▶ [WHAT YOU ARE ASKED TO DO]:
Every entry must come back exactly as it was written.

▶ [SOURCE RECORDS]:

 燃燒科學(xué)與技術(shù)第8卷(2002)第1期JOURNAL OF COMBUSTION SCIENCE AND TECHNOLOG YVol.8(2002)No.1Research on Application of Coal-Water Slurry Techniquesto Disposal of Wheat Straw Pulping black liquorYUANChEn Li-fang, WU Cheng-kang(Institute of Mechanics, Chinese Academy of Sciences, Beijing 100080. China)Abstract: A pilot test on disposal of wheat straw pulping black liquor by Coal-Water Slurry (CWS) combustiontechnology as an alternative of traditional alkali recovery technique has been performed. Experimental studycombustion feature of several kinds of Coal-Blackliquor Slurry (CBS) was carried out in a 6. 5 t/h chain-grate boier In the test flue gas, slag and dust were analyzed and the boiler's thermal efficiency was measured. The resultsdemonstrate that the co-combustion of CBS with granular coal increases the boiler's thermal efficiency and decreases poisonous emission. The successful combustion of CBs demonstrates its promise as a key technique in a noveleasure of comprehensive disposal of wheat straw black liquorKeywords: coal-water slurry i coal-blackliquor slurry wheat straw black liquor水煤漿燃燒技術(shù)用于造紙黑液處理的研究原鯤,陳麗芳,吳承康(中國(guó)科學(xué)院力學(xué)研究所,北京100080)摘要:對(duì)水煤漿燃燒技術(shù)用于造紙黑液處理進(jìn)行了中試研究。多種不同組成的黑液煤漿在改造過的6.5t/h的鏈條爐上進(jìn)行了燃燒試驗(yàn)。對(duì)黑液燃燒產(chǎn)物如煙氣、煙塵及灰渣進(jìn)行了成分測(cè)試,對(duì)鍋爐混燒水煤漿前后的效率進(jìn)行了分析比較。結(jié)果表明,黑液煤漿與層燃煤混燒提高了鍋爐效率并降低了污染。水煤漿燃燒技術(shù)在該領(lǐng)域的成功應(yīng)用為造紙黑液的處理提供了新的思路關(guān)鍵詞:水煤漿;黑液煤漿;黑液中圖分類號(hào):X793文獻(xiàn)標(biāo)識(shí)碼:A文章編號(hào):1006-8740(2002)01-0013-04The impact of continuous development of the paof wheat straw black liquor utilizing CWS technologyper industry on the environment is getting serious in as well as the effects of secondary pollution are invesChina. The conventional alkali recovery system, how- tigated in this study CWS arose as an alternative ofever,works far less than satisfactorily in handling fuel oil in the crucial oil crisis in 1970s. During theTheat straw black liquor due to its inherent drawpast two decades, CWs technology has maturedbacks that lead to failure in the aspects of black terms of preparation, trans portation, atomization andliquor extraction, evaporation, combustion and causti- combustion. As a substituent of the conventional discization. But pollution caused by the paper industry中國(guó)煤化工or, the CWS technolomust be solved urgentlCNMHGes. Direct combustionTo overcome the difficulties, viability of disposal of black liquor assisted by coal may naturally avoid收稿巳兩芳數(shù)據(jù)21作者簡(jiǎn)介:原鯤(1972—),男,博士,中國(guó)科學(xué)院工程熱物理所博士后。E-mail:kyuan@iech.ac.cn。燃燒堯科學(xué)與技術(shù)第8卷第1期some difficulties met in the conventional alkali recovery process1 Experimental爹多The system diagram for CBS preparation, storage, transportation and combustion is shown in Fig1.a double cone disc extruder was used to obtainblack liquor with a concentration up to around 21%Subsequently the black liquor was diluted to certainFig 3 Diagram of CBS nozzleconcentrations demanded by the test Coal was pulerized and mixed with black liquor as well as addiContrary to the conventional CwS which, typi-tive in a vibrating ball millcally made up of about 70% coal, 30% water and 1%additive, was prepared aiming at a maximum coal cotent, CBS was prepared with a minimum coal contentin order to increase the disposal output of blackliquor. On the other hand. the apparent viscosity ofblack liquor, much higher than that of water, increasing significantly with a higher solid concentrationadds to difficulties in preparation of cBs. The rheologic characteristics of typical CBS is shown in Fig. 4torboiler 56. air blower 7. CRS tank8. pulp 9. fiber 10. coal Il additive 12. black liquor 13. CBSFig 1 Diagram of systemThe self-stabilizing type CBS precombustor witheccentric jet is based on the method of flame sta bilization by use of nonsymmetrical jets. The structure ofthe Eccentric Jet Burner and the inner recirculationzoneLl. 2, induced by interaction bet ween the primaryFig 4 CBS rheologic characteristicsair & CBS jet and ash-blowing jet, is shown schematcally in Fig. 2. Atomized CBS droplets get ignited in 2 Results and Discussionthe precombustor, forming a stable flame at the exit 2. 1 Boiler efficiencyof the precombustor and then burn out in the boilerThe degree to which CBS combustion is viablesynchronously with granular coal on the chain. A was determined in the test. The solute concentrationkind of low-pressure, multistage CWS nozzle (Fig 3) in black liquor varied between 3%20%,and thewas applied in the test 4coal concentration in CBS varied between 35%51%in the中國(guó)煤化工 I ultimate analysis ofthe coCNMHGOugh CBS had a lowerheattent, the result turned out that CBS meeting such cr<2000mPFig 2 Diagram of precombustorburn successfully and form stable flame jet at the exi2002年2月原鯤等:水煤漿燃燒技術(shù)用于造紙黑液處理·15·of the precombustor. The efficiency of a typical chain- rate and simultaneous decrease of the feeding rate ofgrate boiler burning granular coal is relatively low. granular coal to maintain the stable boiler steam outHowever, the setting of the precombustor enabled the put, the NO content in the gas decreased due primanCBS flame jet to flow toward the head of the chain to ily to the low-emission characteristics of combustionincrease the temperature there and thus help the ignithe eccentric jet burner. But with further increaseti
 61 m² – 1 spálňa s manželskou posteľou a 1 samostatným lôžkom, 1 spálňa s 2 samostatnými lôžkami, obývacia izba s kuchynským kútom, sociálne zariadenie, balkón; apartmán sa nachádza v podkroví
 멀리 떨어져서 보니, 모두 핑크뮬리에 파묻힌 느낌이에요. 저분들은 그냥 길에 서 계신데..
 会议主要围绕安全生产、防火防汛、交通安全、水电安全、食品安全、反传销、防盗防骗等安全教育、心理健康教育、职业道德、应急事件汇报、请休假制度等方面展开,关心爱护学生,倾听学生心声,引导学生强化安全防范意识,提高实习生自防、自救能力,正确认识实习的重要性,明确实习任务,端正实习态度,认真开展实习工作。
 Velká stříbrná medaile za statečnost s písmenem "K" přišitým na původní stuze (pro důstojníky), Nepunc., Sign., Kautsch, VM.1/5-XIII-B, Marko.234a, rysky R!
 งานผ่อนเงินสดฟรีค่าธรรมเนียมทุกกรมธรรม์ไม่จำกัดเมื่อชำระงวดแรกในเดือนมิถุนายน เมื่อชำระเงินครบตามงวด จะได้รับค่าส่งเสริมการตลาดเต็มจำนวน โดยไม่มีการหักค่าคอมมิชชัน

▶ [WRITTEN REPLY]:
 燃燒科學(xué)與技術(shù)第8卷(2002)第1期JOURNAL OF COMBUSTION SCIENCE AND TECHNOLOG YVol.8(2002)No.1Research on Application of Coal-Water Slurry Techniquesto Disposal of Wheat Straw Pulping black liquorYUANChEn Li-fang, WU Cheng-kang(Institute of Mechanics, Chinese Academy of Sciences, Beijing 100080. China)Abstract: A pilot test on disposal of wheat straw pulping black liquor by Coal-Water Slurry (CWS) combustiontechnology as an alternative of traditional alkali recovery technique has been performed. Experimental studycombustion feature of several kinds of Coal-Blackliquor Slurry (CBS) was carried out in a 6. 5 t/h chain-grate boier In the test flue gas, slag and dust were analyzed and the boiler's thermal efficiency was measured. The resultsdemonstrate that the co-combustion of CBS with granular coal increases the boiler's thermal efficiency and decreases poisonous emission. The successful combustion of CBs demonstrates its promise as a key technique in a noveleasure of comprehensive disposal of wheat straw black liquorKeywords: coal-water slurry i coal-blackliquor slurry wheat straw black liquor水煤漿燃燒技術(shù)用于造紙黑液處理的研究原鯤,陳麗芳,吳承康(中國(guó)科學(xué)院力學(xué)研究所,北京100080)摘要:對(duì)水煤漿燃燒技術(shù)用于造紙黑液處理進(jìn)行了中試研究。多種不同組成的黑液煤漿在改造過的6.5t/h的鏈條爐上進(jìn)行了燃燒試驗(yàn)。對(duì)黑液燃燒產(chǎn)物如煙氣、煙塵及灰渣進(jìn)行了成分測(cè)試,對(duì)鍋爐混燒水煤漿前后的效率進(jìn)行了分析比較。結(jié)果表明,黑液煤漿與層燃煤混燒提高了鍋爐效率并降低了污染。水煤漿燃燒技術(shù)在該領(lǐng)域的成功應(yīng)用為造紙黑液的處理提供了新的思路關(guān)鍵詞:水煤漿;黑液煤漿;黑液中圖分類號(hào):X793文獻(xiàn)標(biāo)識(shí)碼:A文章編號(hào):1006-8740(2002)01-0013-04The impact of continuous development of the paof wheat straw black liquor utilizing CWS technologyper industry on the environment is getting serious in as well as the effects of secondary pollution are invesChina. The conventional alkali recovery system, how- tigated in this study CWS arose as an alternative ofever,works far less than satisfactorily in handling fuel oil in the crucial oil crisis in 1970s. During theTheat straw black liquor due to its inherent drawpast two decades, CWs technology has maturedbacks that lead to failure in the aspects of black terms of preparation, trans portation, atomization andliquor extraction, evaporation, combustion and causti- combustion. As a substituent of the conventional discization. But pollution caused by the paper industry中國(guó)煤化工or, the CWS technolomust be solved urgentlCNMHGes. Direct combustionTo overcome the difficulties, viability of disposal of black liquor assisted by coal may naturally avoid收稿巳兩芳數(shù)據(jù)21作者簡(jiǎn)介:原鯤(1972—),男,博士,中國(guó)科學(xué)院工程熱物理所博士后。E-mail:kyuan@iech.ac.cn。燃燒堯科學(xué)與技術(shù)第8卷第1期some difficulties met in the conventional alkali recovery process1 Experimental爹多The system diagram for CBS preparation, storage, transportation and combustion is shown in Fig1.a double cone disc extruder was used to obtainblack liquor with a concentration up to around 21%Subsequently the black liquor was diluted to certainFig 3 Diagram of CBS nozzleconcentrations demanded by the test Coal was pulerized and mixed with black liquor as well as addiContrary to the conventional CwS which, typi-tive in a vibrating ball millcally made up of about 70% coal, 30% water and 1%additive, was prepared aiming at a maximum coal cotent, CBS was prepared with a minimum coal contentin order to increase the disposal output of blackliquor. On the other hand. the apparent viscosity ofblack liquor, much higher than that of water, increasing significantly with a higher solid concentrationadds to difficulties in preparation of cBs. The rheologic characteristics of typical CBS is shown in Fig. 4torboiler 56. air blower 7. CRS tank8. pulp 9. fiber 10. coal Il additive 12. black liquor 13. CBSFig 1 Diagram of systemThe self-stabilizing type CBS precombustor witheccentric jet is based on the method of flame sta bilization by use of nonsymmetrical jets. The structure ofthe Eccentric Jet Burner and the inner recirculationzoneLl. 2, induced by interaction bet ween the primaryFig 4 CBS rheologic characteristicsair & CBS jet and ash-blowing jet, is shown schematcally in Fig. 2. Atomized CBS droplets get ignited in 2 Results and Discussionthe precombustor, forming a stable flame at the exit 2. 1 Boiler efficiencyof the precombustor and then burn out in the boilerThe degree to which CBS combustion is viablesynchronously with granular coal on the chain. A was determined in the test. The solute concentrationkind of low-pressure, multistage CWS nozzle (Fig 3) in black liquor varied between 3%20%,and thewas applied in the test 4coal concentration in CBS varied between 35%51%in the中國(guó)煤化工 I ultimate analysis ofthe coCNMHGOugh CBS had a lowerheattent, the result turned out that CBS meeting such cr<2000mPFig 2 Diagram of precombustorburn successfully and form stable flame jet at the exi2002年2月原鯤等:水煤漿燃燒技術(shù)用于造紙黑液處理·15·of the precombustor. The efficiency of a typical chain- rate and simultaneous decrease of the feeding rate ofgrate boiler burning granular coal is relatively low. granular coal to maintain the stable boiler steam outHowever, the setting of the precombustor enabled the put, the NO content in the gas decreased due primanCBS flame jet to flow toward the head of the chain to ily to the low-emission characteristics of combustionincrease the temperature there and thus help the ignithe eccentric jet burner. But with further increaseti
 61 m² – 1 spálňa s manželskou posteľou a 1 samostatným lôžkom, 1 spálňa s 2 samostatnými lôžkami, obývacia izba s kuchynským kútom, sociálne zariadenie, balkón; apartmán sa nachádza v podkroví
 멀리 떨어져서 보니, 모두 핑크뮬리에 파묻힌 느낌이에요. 저분들은 그냥 길에 서 계신데..
 会议主要围绕安全生产、防火防汛、交通安全、水电安全、食品安全、反传销、防盗防骗等安全教育、心理健康教育、职业道德、应急事件汇报、请休假制度等方面展开,关心爱护学生,倾听学生心声,引导学生强化安全防范意识,提高实习生自防、自救能力,正确认识实习的重要性,明确实习任务,端正实习态度,认真开展实习工作。
 Velká stříbrná medaile za statečnost s písmenem "K" přišitým na původní stuze (pro důstojníky), Nepunc., Sign., Kautsch, VM.1/5-XIII-B, Marko.234a, rysky R!
 งานผ่อนเงินสดฟรีค่าธรรมเนียมทุกกรมธรรม์ไม่จำกัดเมื่อชำระงวดแรกในเดือนมิถุนายน เมื่อชำระเงินครบตามงวด จะได้รับค่าส่งเสริมการตลาดเต็มจำนวน โดยไม่มีการหักค่าคอมมิชชัน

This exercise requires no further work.